Żydowska gmina w mieście, podobnie jak gminy żydowskie w innych miasteczkach, to nie byli jedynie kupcy i biznesmeni. Większość stanowiły warstwy rzemieślników i drobni przedsiębiorcy jak tkacze, przędzalnicy, stolarze, szewcy, blacharze, złotnicy, komiwojażerowie z pasmanterią itp.

Przy tym zdolności rękodzielnicze ani artystyczne nie świadczyły o koneksjach człowieka.

Był pewien Żyd o imieniu Szmil (Szmuel) Kajler, który o świcie wychodził z domu z walizką ze szpulkami nici do szycia. Cały dzień wędrował pośród okolicznych mieścin, a wieczorem wracał do nędznego domu z garstką zarobku, wycieńczony i zmarniały, a zimą także zmarznięty. Ale Szmil Kajler był gigantem Tory. Do tego stopnia żal mu było czasu na naukę Tory jego wieczornych uczniów, że zabraniał im załatwiać się podczas lekcji. "Jeśliś nie zrobił tego wcześniej, to teraz rób w spodnie. Przyszedłeś tutaj, by się uczyć, więc nie myśl o lekceważeniu Tory", jak powiedział do jednego z uczniów.

Był też Mojszele Szapira, uczony, który sprzedawał żółty groszek, to jest cieciorkę, groszek jaki jada się podczas uroczystości obrzezania, czy jak to się dziś nazywa chumus, w bramie sztyblu. Byli tacy, co rozwozili mleko, skupowali szmaty i puste butelki, tacy co harowali ciężko albo po prostu grzebali w smieciach. Duża gmina biedoty. Wielu z nich to byli wybitni studenci. I jedni i drudzy znaleźni miejsce w szeroko pojętej gminie i jej różnych agendach. Chasydzi, ortodokdsi, niwierzący, prawicowi i lewicowi, każdy znał swoje miejsce w hierarchii społecznej, czy w hierachii poziomu wykształcenia.
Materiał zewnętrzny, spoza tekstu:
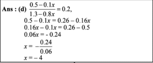 2. यदि 0.5 - 0.1x/1.3 - 0.8x = 0.2 तो x = ?
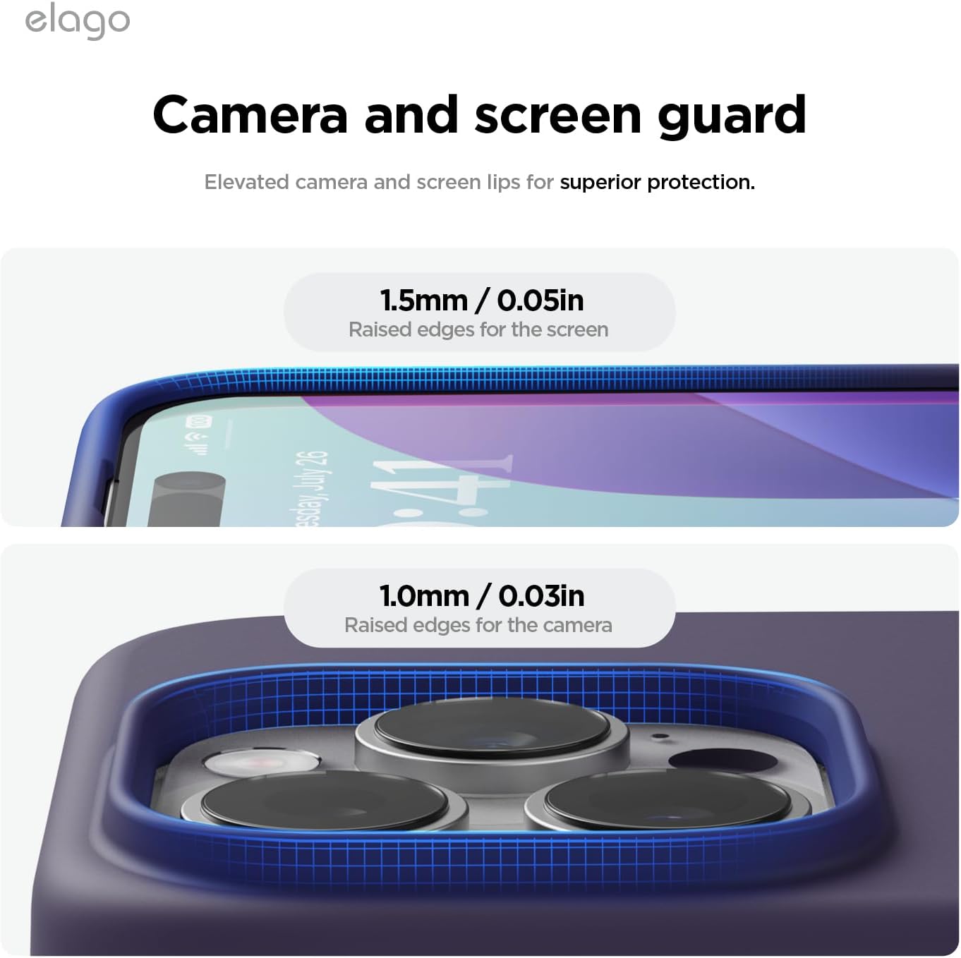 • Повдигнати ръбове за защита: дизайнът с пълно покритие на ръбовете защитава всички страни, портове и бутони; ръбовете около дисплея и камерата са повдигнати с 1 мм, за да предпазят от надраскване на повърхностите. Тънкият дизайн позволява безжично зареждане.
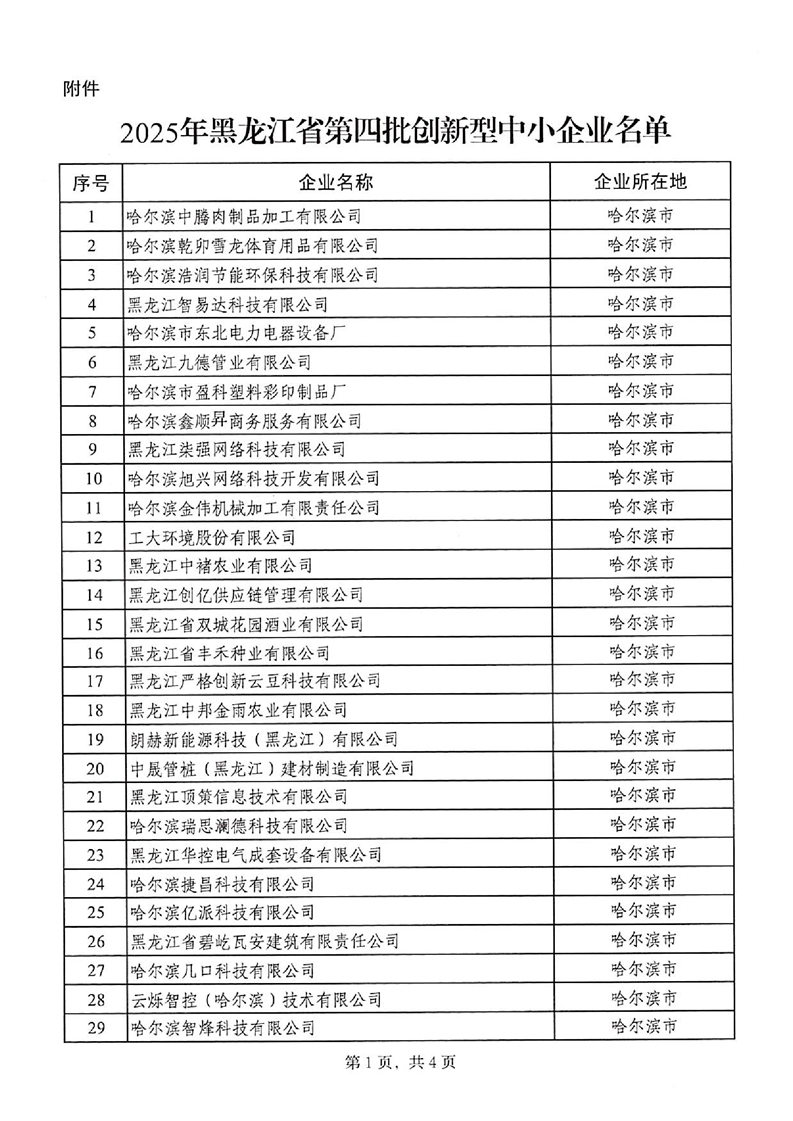 黑龙江省工业和信息化厅关于公布2025年黑龙江省第四批创新型中小企业名单的通知
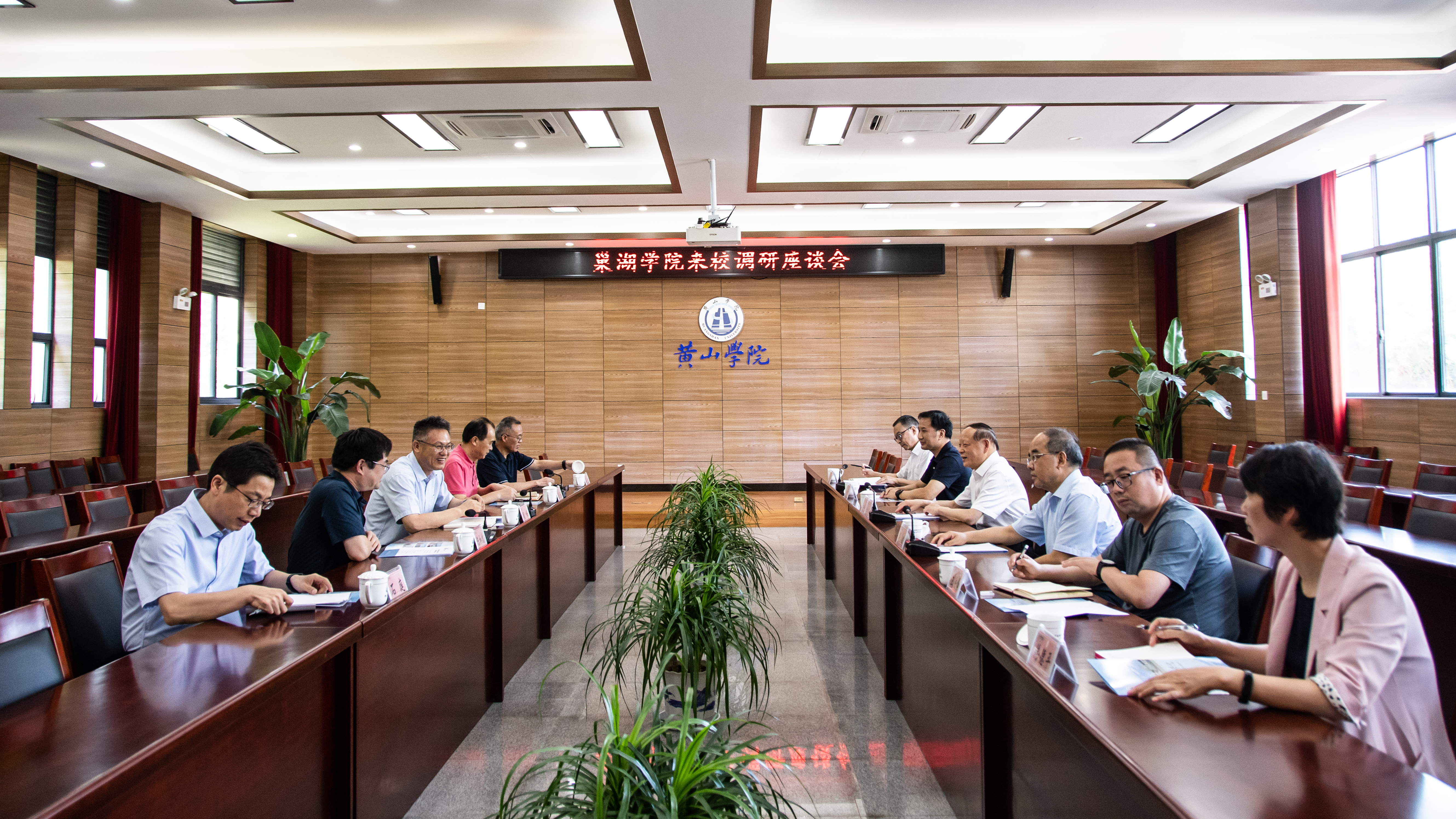 在黄山学院,周峰一行受到了党委书记李铁范和副校长张小明的热情接待。座谈中,周峰表示,黄山学院近年来在校地合作、硕点建设、国际交流与教育等方面成效显著,值得学习借鉴,特别是确定的发展目标、举措切合实际,令人振奋和鼓舞,衷心为黄山学院取得的成绩感到高兴,希望两校加强合作与交流,携手共建地方应用型高水平大学。李铁范简要介绍了黄山学院近年来的发展情况、办学特色和优势,着重介绍了第四次党代会以来在加强应用特色高校建设、硕士学位授权立项单位建设、推动国际交流与合作等方面所做的工作。他表示,两校办学历史、历程相同,发展路径和目标相近,希望双方进一步加强沟通交流,相互取长补短,赓续友谊。

Zduńska Wola to był mikrokosmos żydowskiego życia i struktury żydowskiej gminy w Polsce. Istniały tam ruchy chasydzkie na czele ze wspomnianym związkiem Agudat Israel, istniały prawicowe, centrowe i lewicowe ruchy syjonistyczne, włącznie z ruchami religijnymi. Istniał też "Bund" i byli komuniści. Na polu niepolitycznym, związek sportowy "Turn Farajn", reprezentujący wszystkie dziedziny sportu, który nawet założył orkiestrę. Działał klub sportowy "Makabi", a także "Morgenstern" klub sportowy organizacji robotniczych. W dziedzinie finansów i wsparcia istniał bank "Bikur Cholim", Kasa "Bikur Cholim", bank przemysłowy, bank rzemiosła i handlu i fundacje jak "Beit Lechem" i "Tomchej ani'im". Organizacje zawodowe posiadały zjednoczenie kupców, zjednoczenie przemysłowców, związek rzemieślników, zjednoczenie wolnych zawodów, związek tkaczy itp. Wśród instytucji oświatowych i kulturalnych, oprócz jeszyw, istniały takie instytucje jak "Beit Ja'akow", "Talmud Tora", "Jesodot Tora", a także kursy wieczorowe, kółka sportowe, dramatyczne (imienia Anskiego) i inne instytucje, jak "Keren Hakajemet", fundusze i lobbiści.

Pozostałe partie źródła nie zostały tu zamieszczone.